Indeed, the most stunning aspect of Rabbit Hole is how normal it all seems. We don’t get literate fights where the characters appear to be browbeating each other with a copy of the Edward Albee primer. There isn’t a Virginia Woolf to be frightened of here. Instead, Lindsay-Abaire lets the natural rhythms of true emotion shine through. Becca and Howie don’t hate each other. Instead, they are looking for coping mechanisms in a culture beset by more self-help tips than real insights. For her, it’s about removing the links between the present and the recent precedent (which would explain why she avoids her friends as well). He has anger to channel, and playing squash and smoking pot doesn’t dampen its determination. Indeed, when Mitchell isn’t filling the frame with homespun images of wholesomeness and normalcy, he’s tweaking the edges with potential pitfalls.
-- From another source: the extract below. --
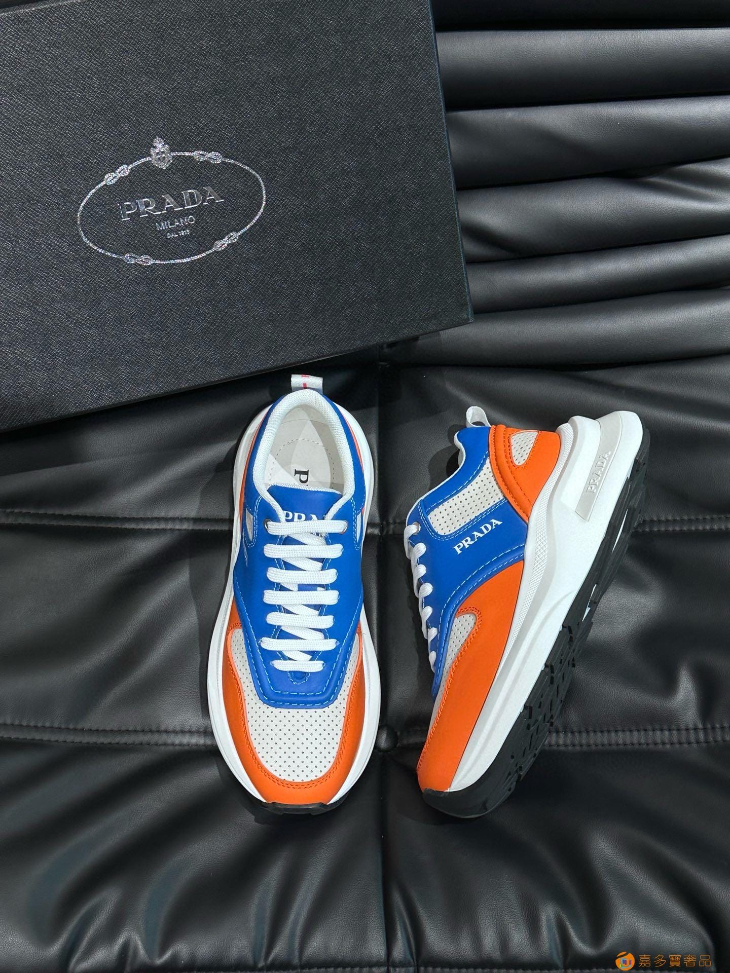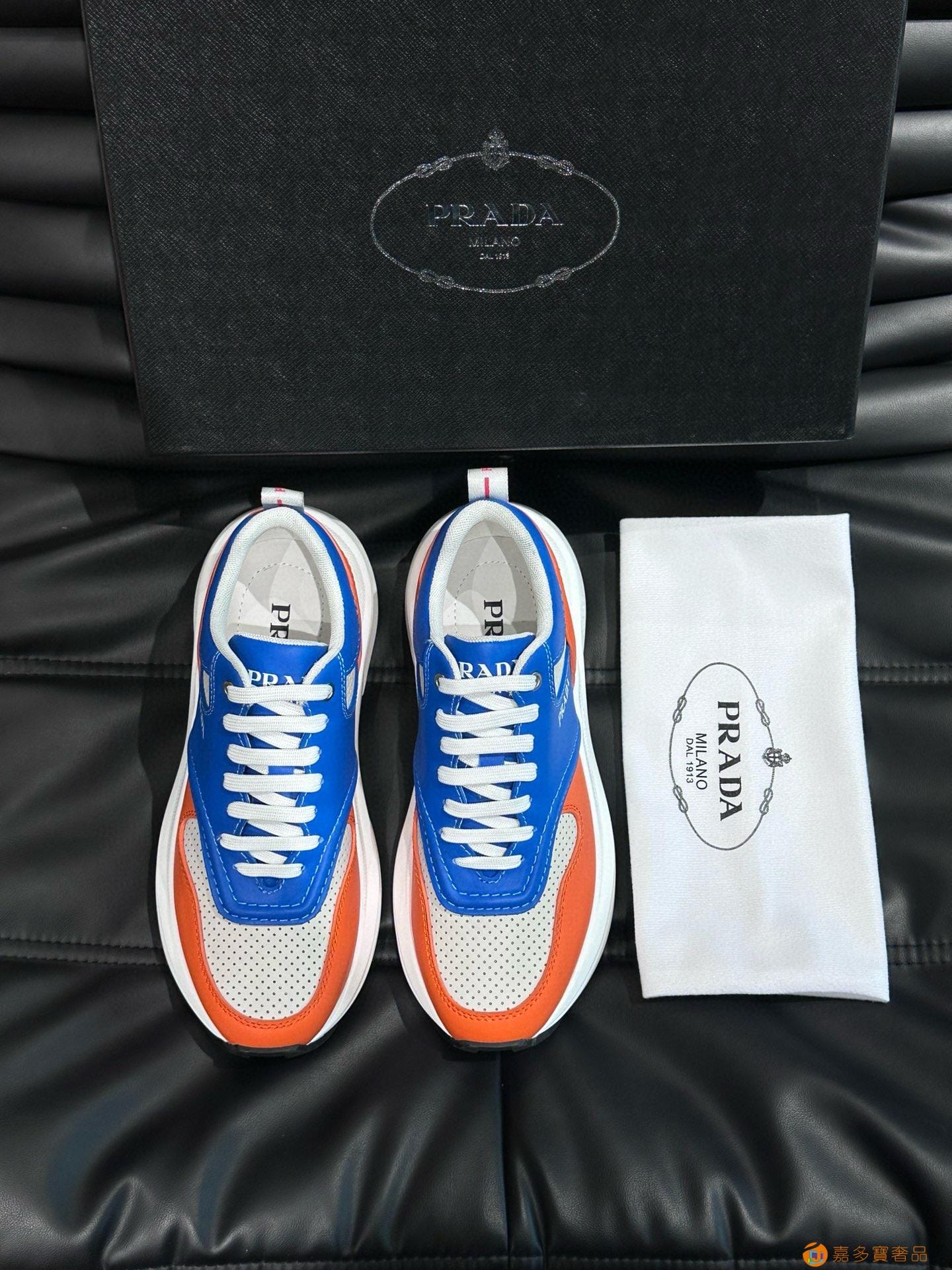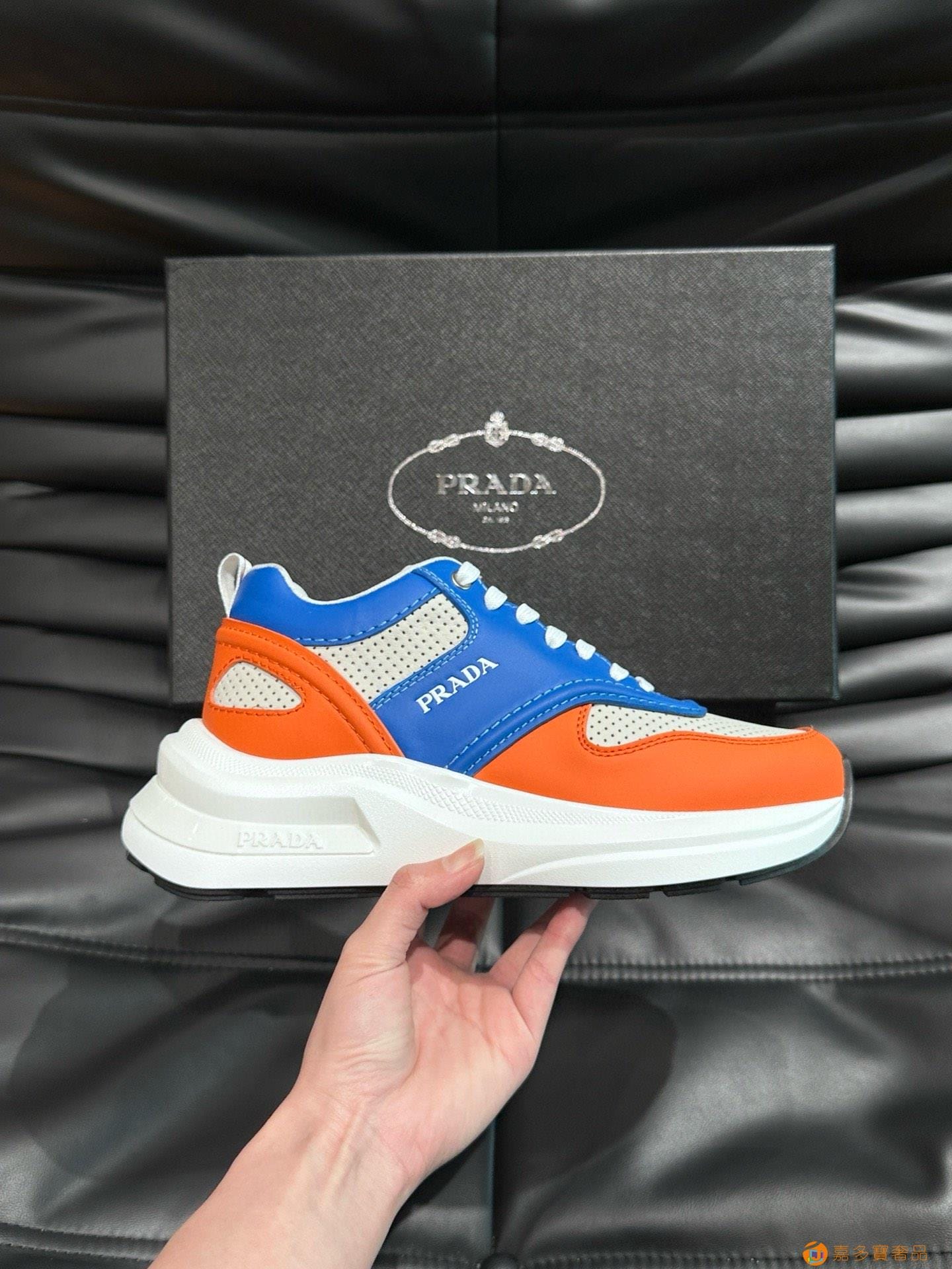 ?:{普拉达}男士皮革休闲运动鞋,莞产猛货!采用进口纯色小牛皮拼接网孔牛皮鞋面,立体几何分割,精工制造,缝线均匀,皮质质感一览无余,多色拼接,时尚大方,柔软舒适透气,外侧饰有RADA字母徽标, 鞋舌饰有经典字母logo,后跟饰有织物提鞋绊,家经典运动鞋型,搭配织物内里,烫银logo牛皮脚垫,搭配家专属橡胶大底,细节精工细作!

Most of these hurdles come from Becca’s side of the family. Mom (Dianne Wiest) is so locked in her own loss – her heroin-addicted son, Becca’s brother, committed suicide when he was 30 – that her only frame of reference revolves around how current events remind her of said situation. On the other hand, Becca’s slutty sister is pregnant, her ne’er do well musician boyfriend offering support, if little security. While it seems like a kind of affront, especially for a grieving parent, the overall attitude is more conciliatory than cruel. Izzy (Tammy Blanchard) consistently tells Becca that she’s sorry, when the actual apology should come from the lost soul incapable of addressing the possible joys in others. While Howie struggles with all of this, his wife’s way seems sensible, until she realizes that it draws things out, instead of putting them to a legitimate end.
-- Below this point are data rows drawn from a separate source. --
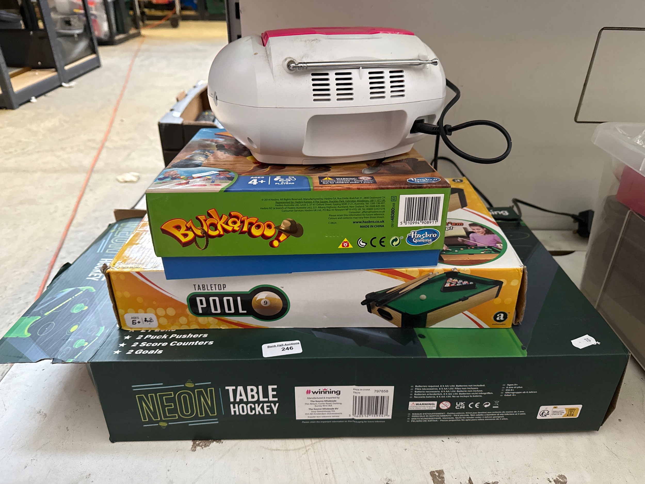 Hockey table, pool table, buckaroo and CD player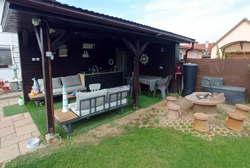 A ház tágas nappali-konyha-étkezője igazi családi élettér, a füvesített kert pedig kényelmes játék placc a gyerekeknek,ön pedig kedvére süthet-főzhet a fedett kinti konyhának köszönhetően, miközben csobban egyet a medencében!Legfontosabb paraméterek:-Fiatal szigetelt tégla építésű ház-3 szoba + nappali-konyha-étkező-Takarékos gázcirkó fűtés-Kiépített öntöző rendszer, automata fűnyíró, medence-Fedett terasz kinti konyhával és bográcsozóval-Fedett, térkövezett autóbeálló 2 gépjármű részére-TárolóTekintse meg a teljes bemutatót irodánkban, tetszés esetén a helyszínen, tegyen rá ajánlatot!A hirdetésben szereplő információk a megbízótól kapott adatok alapján készültek, pontosságukért felelősséget nem vállalunk! Az alaprajz csak tájékoztató jellegű!Amennyiben vásárláshoz hitelre is szüksége van, független hitel tanácsadónk ingyenesen tud Önnek segítséget nyújtani a legjobb konstrukciók kiválasztásában és a folyamat lebonyolításában. Irodánk kereső ügyfeleinknek teljes körű szolgáltatást nyújt, szakszerű tanácsadással, energetikai tanúsítvány elkészítésével, hitelügyintézéssel és profi ügyvédi segítséggel. Abban az esetben ha az ingatlan felkeltette érdeklődését keressen bizalommal!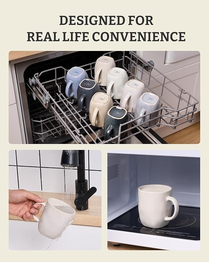 - 【Dishwasher and Microwave Safe】 Famiware Stoneware coffee cups for the kitchen are made of premium stoneware. Each plate and bowl is dishwasher and microwave safe.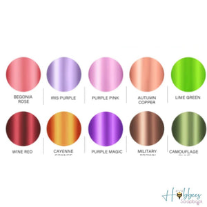 Colores y estilos incluidos en el paquete: Rosa Begonia, Púrpura Iris, Rosa Púrpura, Cobre Otoñal, Verde Lima, Rojo Vino, Naranja Cayena, Púrpura Mágico, Marrón Militar, Oliva Camuflaje.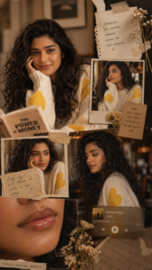 Cinematic Scrapbook Collage Prompt The Concept: > A high-end lifestyle photography collage featuring a young woman with voluminous, dark curly hair and a dewy “glass skin” complexion. The aesthetic is a blend of moody cinematic film and a digital scrapbook. Technical Specifications: Composition: A vertical 9:16 layout featuring multiple frames. Include a mix of medium shots and one extreme macro close-up focusing on the lips and chin.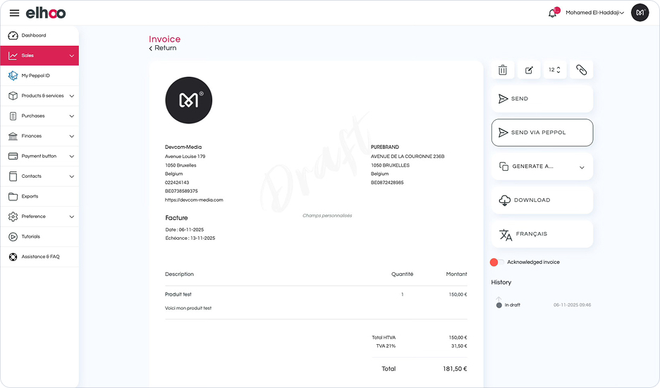 With Elhoo, you can send and receive your invoices on the Peppol network in just a few clicks. No more complex formats or legal constraints: everything is already ready for you.

What Mitchell accomplishes here is remarkable. You expect certain things from a film centering on the loss of a child, especially when you focus on the uncommunicative personalities of the parents. But instead of all shouting and screaming, aggrandizements and artifice, he finds a way to maneuver through said minefield with a remarkable amount of care. His cast is crucial in this collaboration and each one plays their part expertly. Kidman has never been better, her usual stoic stance doing a great job of sheltering a clear core of vulnerability. In fact, when confronted with all the potential snares a story like this could fall into, the fact that Mitchell avoids them all stands as a significant creative achievement.

In the end, Rabbit Hole is about avoiding the siren song escape of the title trap. There is no wonderland to be found here, just a reality that’s been changed irrevocably and can never go backwards. For Becca and Howie, eight months has been a legitimate lifetime. But now, it’s time to forge a path toward another existence, one that incorporates the grief as much as being modified by it. Flight is not an option – not for anyone involved. Finding a way to not just cope, but to conquer, requires more than mere resolve. Luckily, this is one case where the parties perceiver, and while painful, the outcome truly makes the best of a very bad situation.